Thucydides. The Peloponnesian War. London, J. M. Dent; New York, E. P. Dutton. 1910.

The same winter the Lacedaemonian Hippocrates sailed out from Peloponnese with ten Thurian ships under the command of Dorieus, son of Diagoras, and two colleagues, one Laconian and one Syracusan vessel, and arrived at Cnidus, which had already revolted at the instigation of Tissaphernes.

When their arrival was known at Miletus, orders came to them to leave half their squadron to guard Cnidus, and with the rest to cruise round Triopium and seize all the merchantmen arriving from Egypt.

Triopium is a promontory of Cnidus and sacred to Apollo.

This coming to the knowledge of the Athenians, they sailed from Samos and captured the six ships on the watch at Triopium, the crews escaping out of them.

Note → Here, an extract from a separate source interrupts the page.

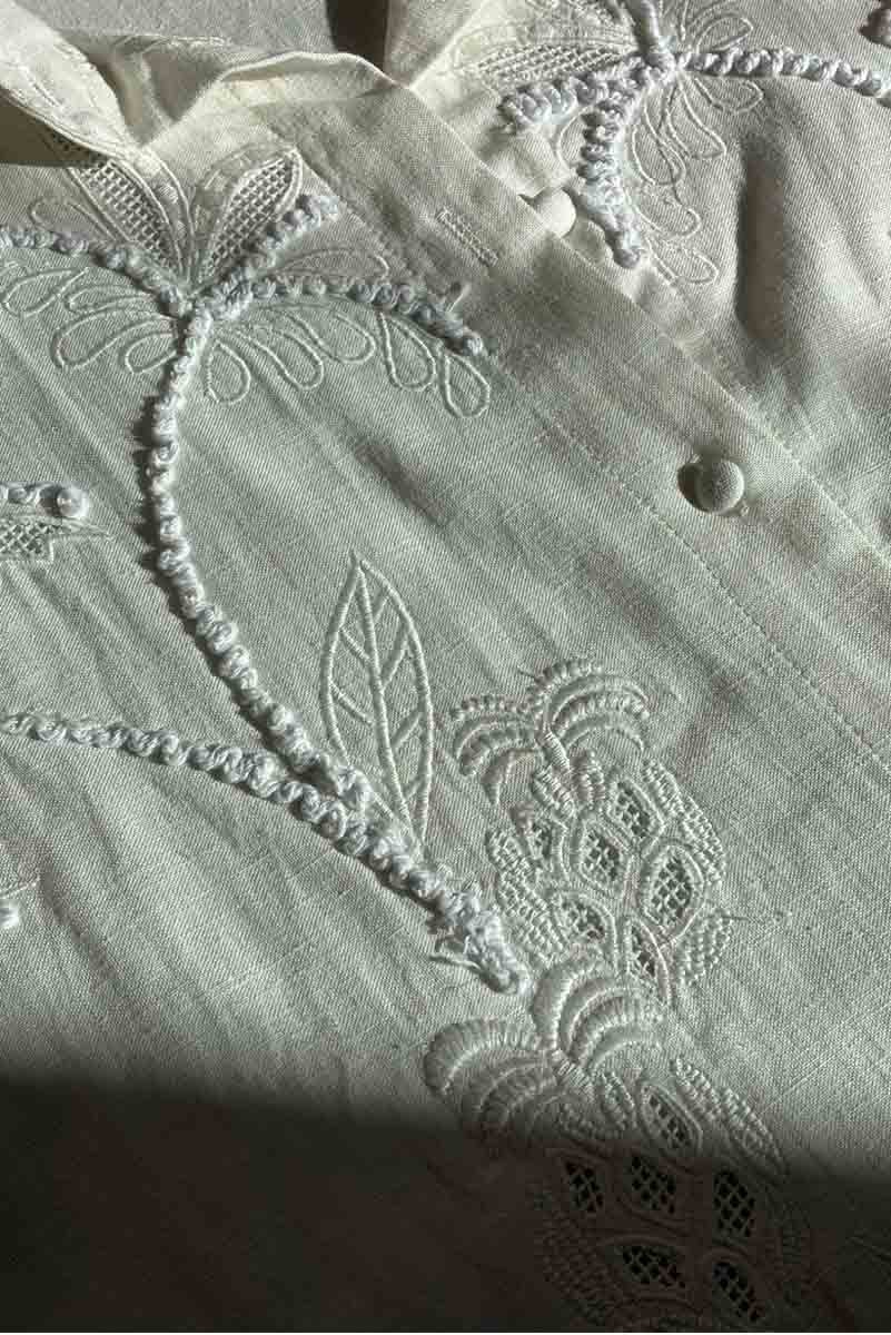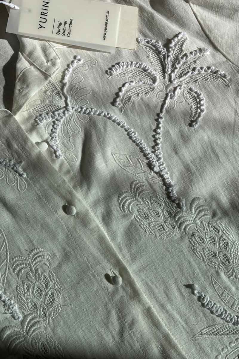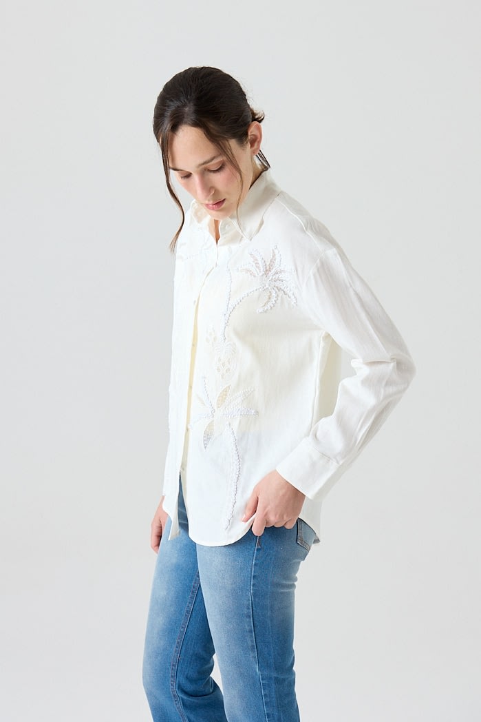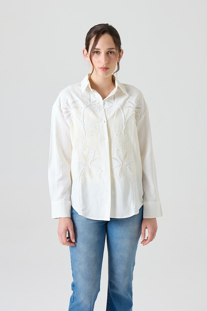 Camisa de manga larga confeccionada en algodón liviano (75% Algodón 25% Lino). Presenta bordado frontal con diseño de hojas y flores en relieve, cuello clásico y cierre con botones forrados. De corte recto y calce relajado.

After this the Athenians sailed into Cnidus and made an assault upon the town, which was unfortified, and all but took it;

and the next day assaulted it again, but with less effect, as the inhabitants had improved their defences during the night, and had been reinforced by the crews escaped from the ships at Triopium.

The Athenians now withdrew, and after plundering the Cnidian territory sailed back to Samos.